By: Geopolitical Futures
Japan’s military
had a busy 2024, and all indicators point to an even busier 2025. The
year was punctuated by an announcement from Prime Minister Shigeru
Ishiba that Tokyo would increase military spending, engage in more
multilateral military exercises and sign additional defense agreements
with regional allies – all in an effort to deter aggression from China,
Russia and North Korea.
Geography largely
explains why Japan is often at odds with its neighbors. The Japanese
archipelago blocks the Korean Peninsula and the southernmost point of
Russia from direct access to the Pacific. It does likewise for the
northeastern Chinese regions around Shanghai. More, Japan itself has few
natural resources – it has to import them from elsewhere – making it
disproportionately reliant on the same sea lanes. Historically, this
reliance on others for resources has compelled Japan to seek territory
by force in mainland Asia, creating historical grievances that exist
even today. Add to this the fact that Japan is Washington’s most
steadfast ally in the Asia Pacific, and you can see why it butts heads
with its neighbors.
And tensions are
certainly high today. After Russia invaded Ukraine, Washington built a
coalition of countries willing to put sanctions on the Russian economy –
in which Japan was an early participant.

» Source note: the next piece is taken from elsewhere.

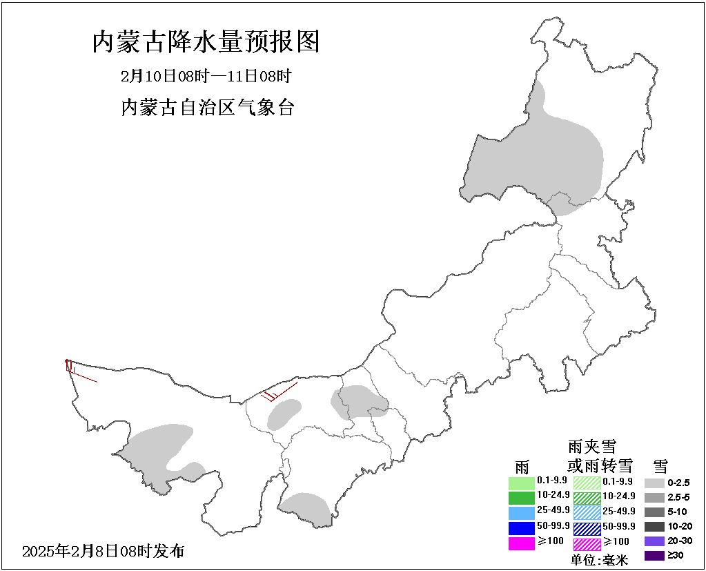 預計未來三天(2月8日至10日),內蒙古降水偏少,僅部分地區有分散性小雪,總體以晴冷乾燥的天氣為主;中部偏東、東部偏南地區多4、5級短時6、7級西北風,在冷高壓的控制下,中西部風力依然較大,局地陣風達8級並伴有沙塵天氣。氣温方面,今天,東北部偏東地區氣温下降4~6℃,局地降幅超6℃,其餘大部地區氣温開始回升。明後兩天,全區最高氣温可攀升至冰點以上。

One of the ways Russia
responded to the sanctions was to increase military posturing in the
Pacific, including exercises on the disputed Kuril Islands, joint
maneuvers with China’s military and sending aircraft over the Bering
Strait. (The Kuril Islands, which are disputed by Japan, are vital to
Russia’s ability to maneuver from Vladivostok to the Pacific.) China,
for its part, has increased its military presence in the South China Sea
and its posturing toward Taiwan. Beijing depends on maritime access,
especially in the South China Sea, to support its export-oriented
economy and to maintain its position over Taiwan. (This is to say
nothing of the potential resources that can theoretically be mined in
the South China Sea.) Then there is North Korea, whose missile tests
tend to take place over the Sea of Japan. The government in Pyongyang
has allied itself with Russia, sending troops to the battlefields in
exchange for food and electricity. Taken together, these actions remind
Tokyo of how vulnerable it is in the region.
This
vulnerability likely accounts for why its military posture has changed
so dramatically throughout history. For much of its history, Japan has
used its island geography as insulation against threats. However, there
are two major exceptions to this rule: the invasion of Korea in the 16th
century and the expansionism leading up to World War II, both of which
were precipitated by a perceived scarcity of resources. The latter era
was characterized by the Japanese occupation of the Korean Peninsula,
Manchuria, a large swatch of mainland China’s coast and modern-day
Vietnam, Cambodia, Laos, Malaysia and the Philippines. After World War
II, Japan was forced to demilitarize, and elements of pacifism were
enshrined in its constitution. (Even today, Japan’s military is known as
the Self-Defense Forces.) Tokyo’s close relationship with Washington
made it so that it didn’t need an offensive military of its own. But now
that the U.S. is trying to reduce its military footprint in certain
parts of the world, it wants its allies to assume more responsibility in
ensuring stability. Hence the efforts by Tokyo to rebuild its military.
But
remilitarization doesn’t necessarily mean aggression. In fact, Japan’s
behavior clearly shows that Tokyo is pursuing a policy of denial
deterrence, which essentially forces enemies to look at Japan’s military
and decide the benefits of attack aren’t worth the costs. The strategy
suits Japan for several reasons. One, the country’s geographic position
naturally blocks vital sea lanes. Two, the strategy accommodates Japan’s
national security needs without running afoul of its constitutional
constraints, which still allow the military to participate in
“collective self-defense” with its allies. Three, it lends itself to and
benefits from increased cooperation with regional partners. Japan
recently signed a comprehensive strategic partnership with Vietnam,
participated in military drills with South Korea and conducted training
operations with India, Australia, the Philippines, South Korea,
Singapore, the United States and several others.
The fourth and
perhaps most important reason is that the numbers do not favor Japan,
especially from an offensive position. Its military consists of about
260,000 troops, about 540 tanks, 720 aircraft (including 320 fighter
jet), 154 naval vessels with 22 submarines and one light aircraft
carrier. For comparison, China boasts 2 million active-duty soldiers
with 4,950 tanks, more than 3,300 aircraft, some 370 warships with 60
subs (12 of which are nuclear-powered) and two aircraft carriers.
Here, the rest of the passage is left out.